### WHAT IS NEEDED
From the first line of the data through the line containing "Classic armchair with", transcribe each line exactly. Pictures do not belong in the copy.

### SOURCE DATA
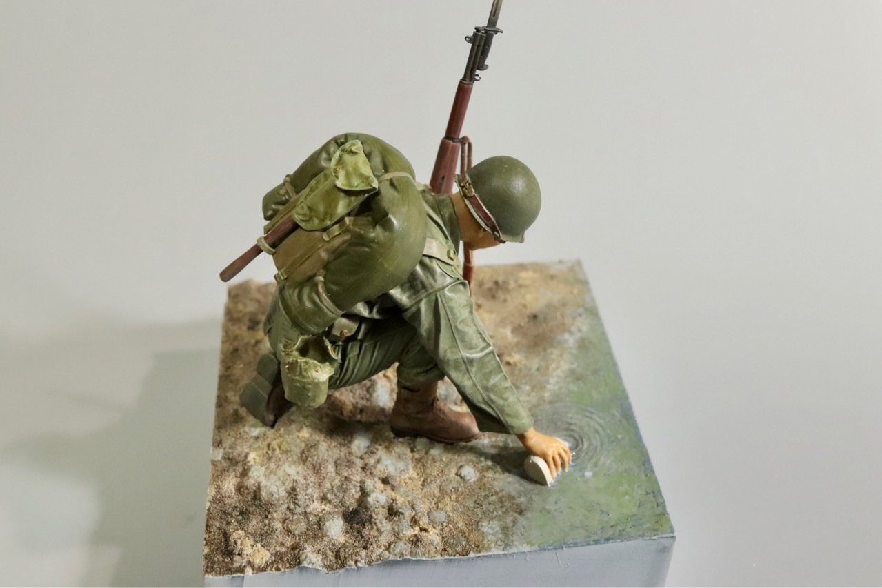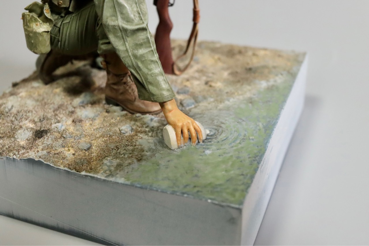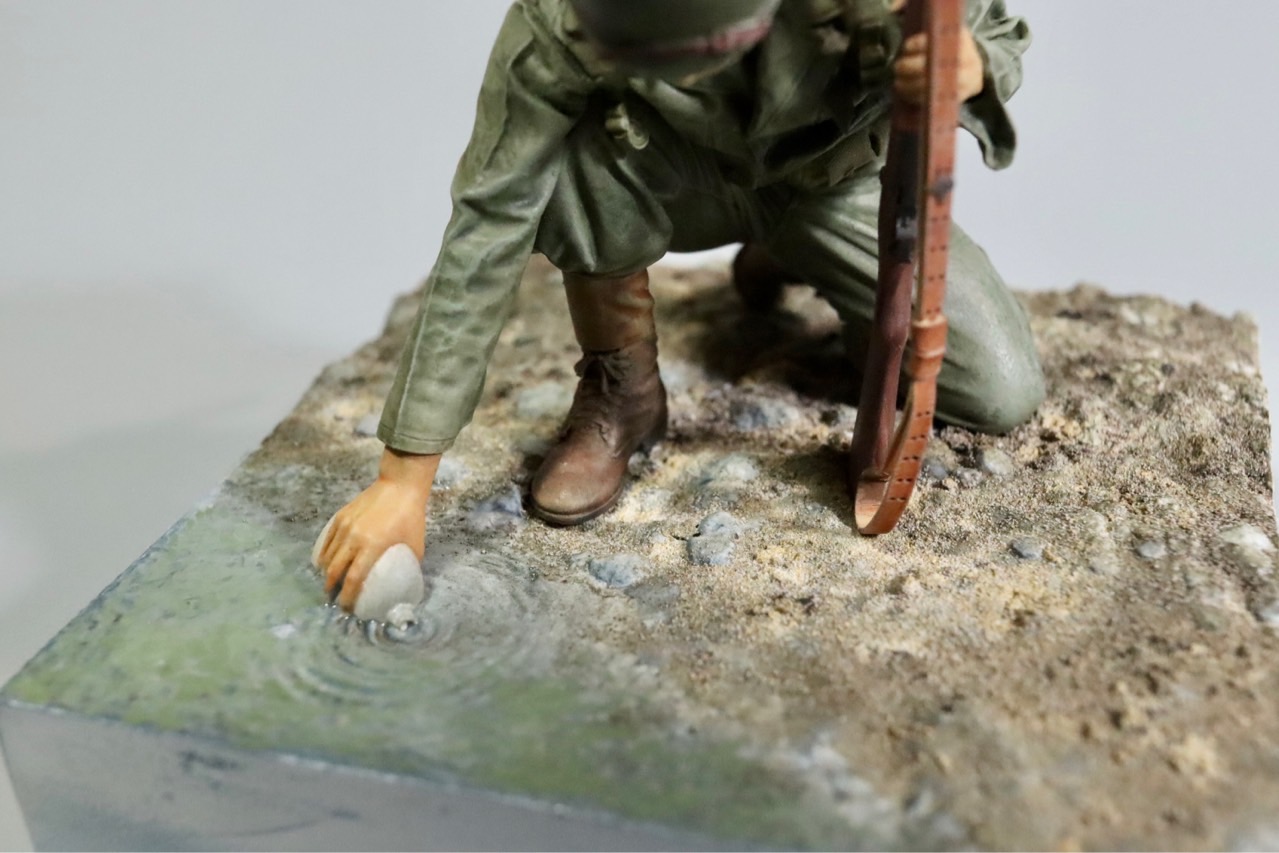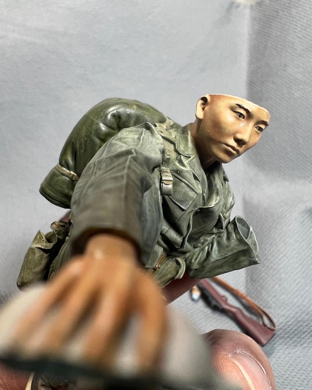 1950년 10월말, 압록강에 진격한 6사단 7연대 어느 병사가 압록강 물을 마시는 장면을 모형화했습니다.
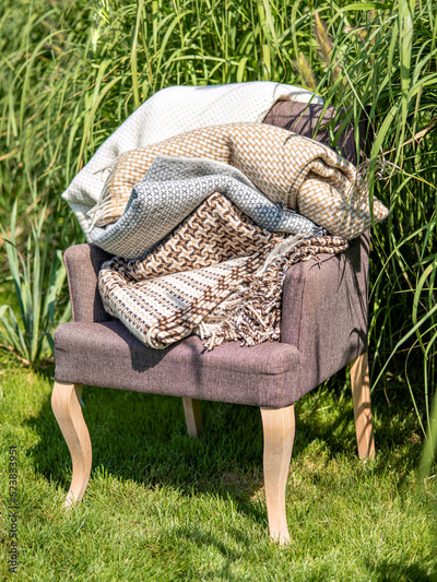 Classic armchair with stack of plaids on sunny terrace. It is time to warm up with comfortable wool plaid. Preparing for chilling autumn evenings at the backyard.
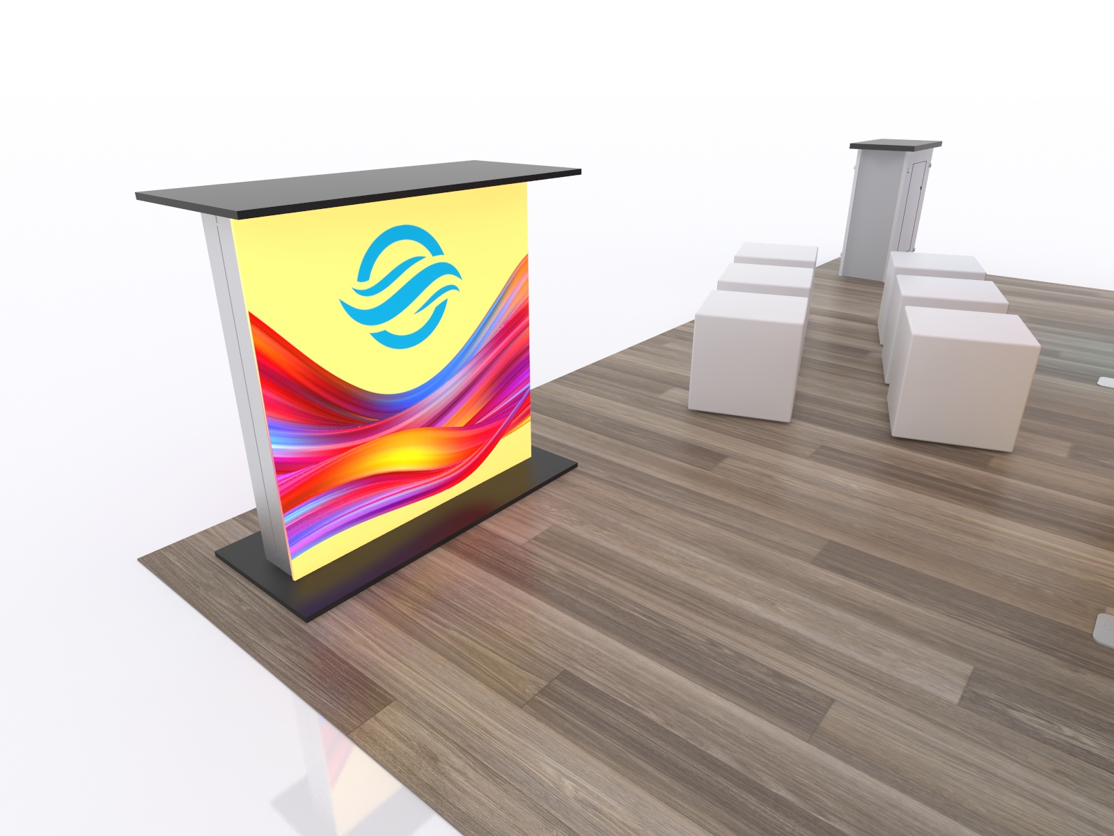 Quite often, a few custom elements added to the design can give the entire design a custom look even if it’s as simple as some colorful laminated workstations, shelves, or a reception counter. Custom laminated soffits and backlighting are also nice touches that are inexpensive and well worth the investment. As a bonus, if you re-rent the same exhibit, your second rental will most likely be less expensive, since your first rental covered the cost of those custom components.

### YOUR RESPONSE
 1950년 10월말, 압록강에 진격한 6사단 7연대 어느 병사가 압록강 물을 마시는 장면을 모형화했습니다.
 Classic armchair with stack of plaids on sunny terrace. It is time to warm up with comfortable wool plaid. Preparing for chilling autumn evenings at the backyard.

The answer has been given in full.